Lock granularity

A programmer working in a multiprocessor environment must decide how many separate locks must be created for shared data. If there is a single lock to serialize the entire set of shared data items, lock contention is comparatively likely. The existence of widely used locks places an upper limit on the throughput of the system.

If each distinct data item has its own lock, the probability of two threads contending for that lock is comparatively low. Each additional lock and unlock call costs processor time, however, and the existence of multiple locks makes a deadlock possible. At its simplest, deadlock is the situation shown in the following illustration, in which Thread 1 owns Lock A and is waiting for Lock B. Meanwhile, Thread 2 owns Lock B and is waiting for Lock A. Neither program will ever reach the unlock() call that would break the deadlock. The usual preventive for deadlock is to establish a protocol by which all of the programs that use a given set of locks must always acquire them in exactly the same sequence.

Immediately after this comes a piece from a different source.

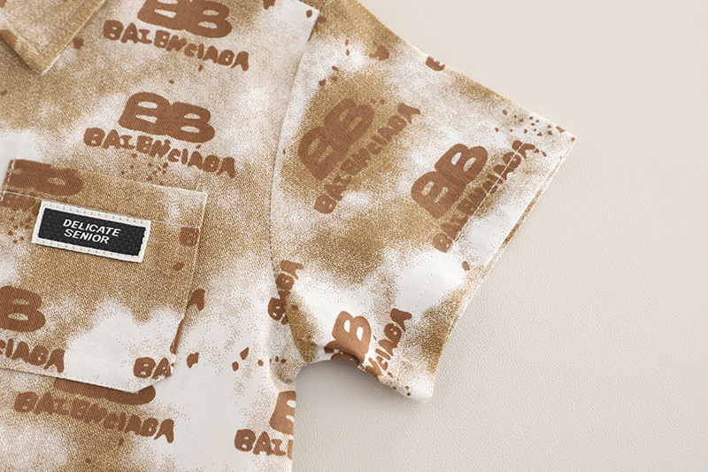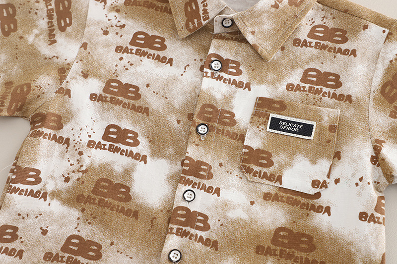 소년 여름 반팔 정장 2025 새로운 스타일의 캐주얼 레터 셔츠 3 피스 세트 중소 어린이를위한 드롭 배송

Figure 1. Deadlock. Shown in the following illustration is a deadlock in which a column named Thread 1 owns Lock A and is waiting for Lock B. Meanwhile, the column named Thread 2 owns Lock B and is waiting for Lock A. Neither program thread will ever reach the unlock call that would break the deadlock.
Deadlock

According to queuing theory, the less idle a resource, the longer the average wait to get it. The relationship is nonlinear; if the lock is doubled, the average wait time for that lock more than doubles.

The most effective way to reduce wait time for a lock is to reduce the size of what the lock is protecting. Here are some guidelines:

  • Reduce the frequency with which any lock is requested.
  • Lock just the code that accesses shared data, not all the code in a component (this will reduce lock holding time).
  • Lock only specific data items or structures and not entire routines.
  • Always associate locks with specific data items or structures, not with routines.
  • For large data structures, choose one lock for each element of the structure rather than one lock for the whole structure.
  • Never perform synchronous I/O or any other blocking activity while holding a lock.
  • If you have more than one access to the same data in your component, try to move them together so they can be covered by one lock-unlock action.
  • Avoid double wake-up. If you modify some data under a lock and have to notify someone that you have done it, release the lock before you post the wake-up.
  • If you must hold two locks simultaneously, request the busiest one last.

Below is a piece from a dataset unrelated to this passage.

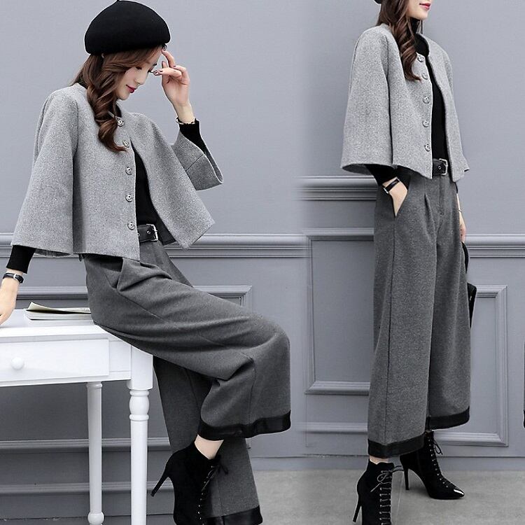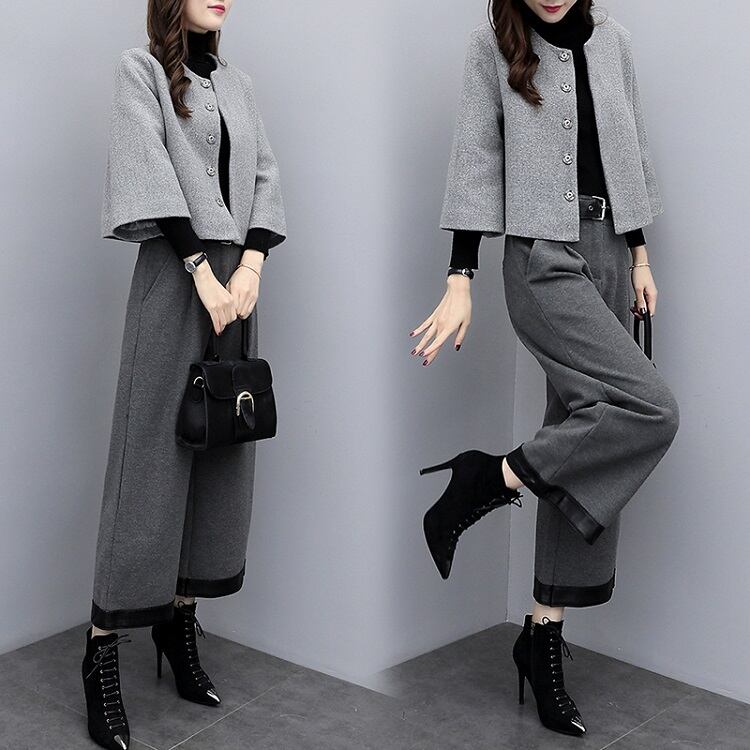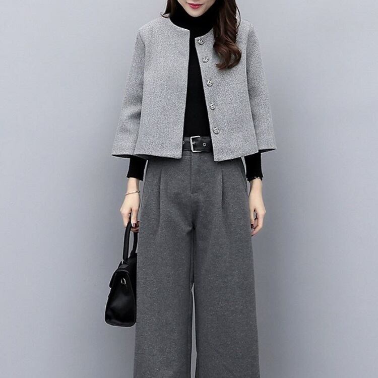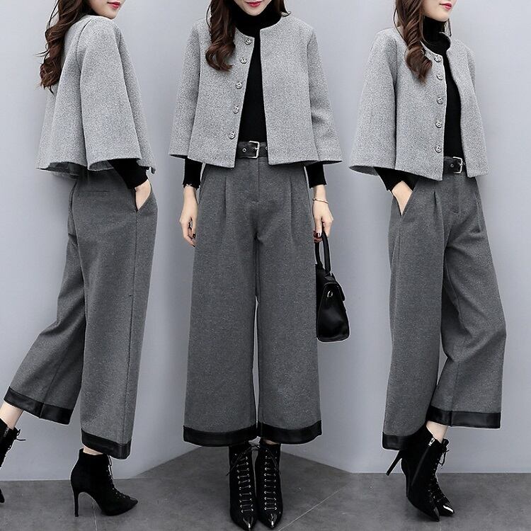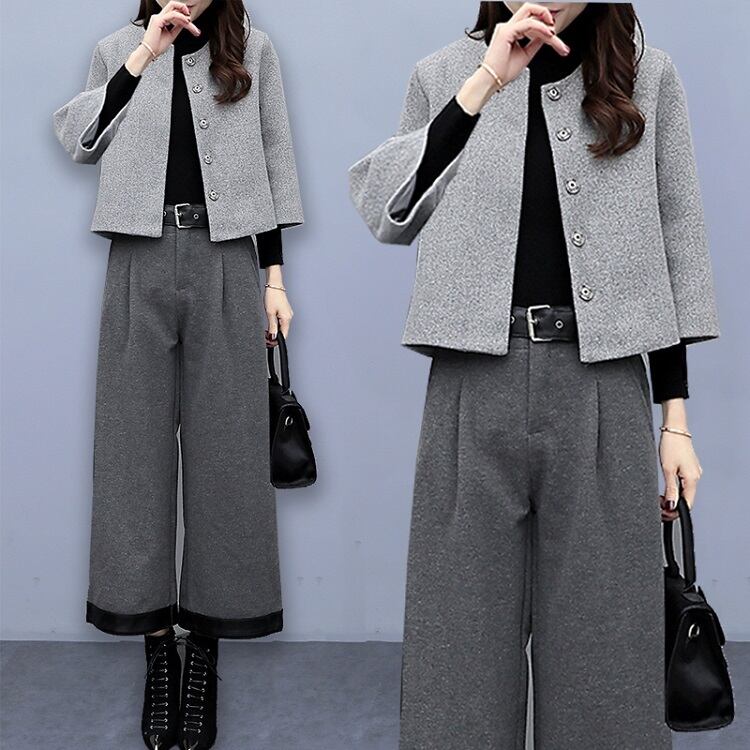 セットアップ ツーピース 上下セット パンツスーツ ノーカラージャケット ショート丈 ワイドパンツ ゆったり 体型カバー フェミニン フォーマル オフィス 秋冬 グレー

On the other hand, a too-fine granularity will increase the frequency of locks requests and locks releases, which therefore will add additional instructions. You must locate a balance between a too-fine and too-coarse granularity. The optimum granularity will have to be found by trial and error, and is one of the big challenges in an MP system. The following graph shows the relation between the throughput and the granularity of locks.

Figure 2. Relationship Between Throughput and Granularity. This illustration is a simple two axis chart. The vertical, or y axis, represents throughput. The horizontal, or x axis, represents granularity going from fine to coarse as it moves out on the scale. An elongated bell curve shows the relationship of granularity on throughput. As granularity goes from fine to coarse, throughput gradually increases to a maximum level and then slowly starts to decline. It shows that a compromise in granularity is necessary to reach maximum throughput.
Relationship Between Throughput and Granularity